Without simple source code to reproduce the issue, and how you are timing your threads, it will be difficult to understand what occurs in your software.
Sounds definitively like either:
An Architecture issue - how are your threads defined?
A measurement issue - how are you timing your threads?
A typical scaling issue of both the memory manager and the RTL string-related implementation.
About the latest point, consider this:
The current memory manager (FastMM4) is not scaling well on multi-core CPU; try with a per-thread memory manager, like our experimental SynScaleMM - note e.g. that the Free Pascal Compiler team has written a new scaling MM from scratch recently, to avoid such issue;
Try changing the string process implementation to avoid memory allocation (use static buffers), and string reference-counting (every string reference counting access produces a LOCK DEC/INC which do not scale so well on multi-code CPU - use per-thread char-level process, using e.g.
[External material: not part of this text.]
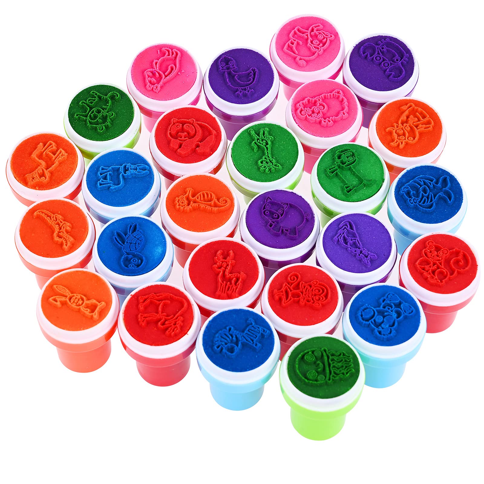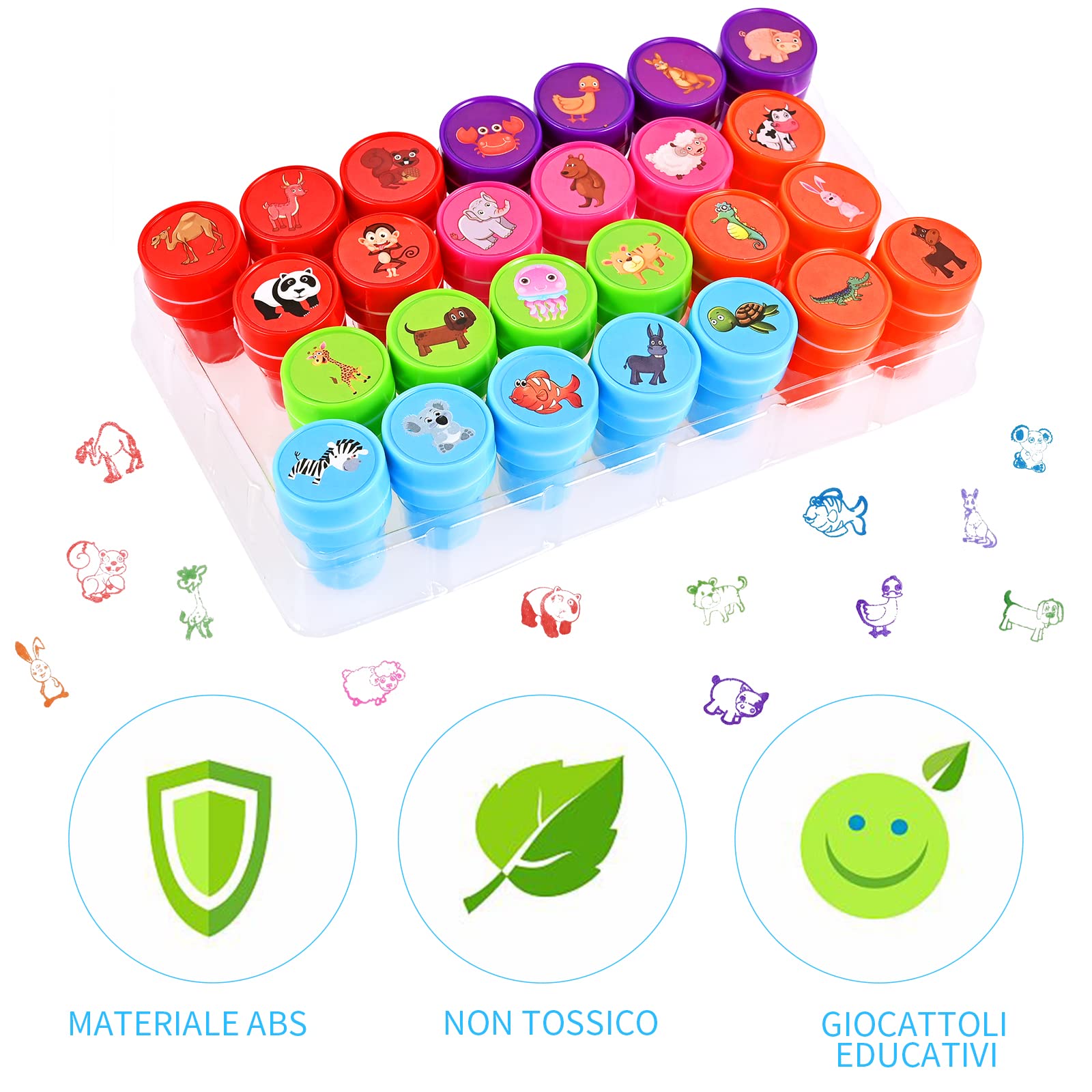 - Facili da usare e divertenti per tutti, i timbri sono dotati di inchiostro colorato integrato, quindi tutto ciò che devi fare è premere verso il basso. Niente più dita o segni disordinati sui tavoli.

PChar on static buffers instead of string).
I'm sure that without string operations, you'll find that all threads are equivalent.
In short: neither the current Delphi MM, neither the current string implementation scales well on multi-core CPU. You just found out a known issue of the current RTL. Read this SO question.

When your code has control of the VCL thread, for instance if it is in one method and doesn't call out to any VCL controls or call Application.ProcessMessages, then the run time will not be affected just because it's in the main VCL thread.
There is no overhead, since you "own" the whole processing power of the thread when you are in your own code.
I would suggest that you use a profiling tool to find where the actual bottleneck is.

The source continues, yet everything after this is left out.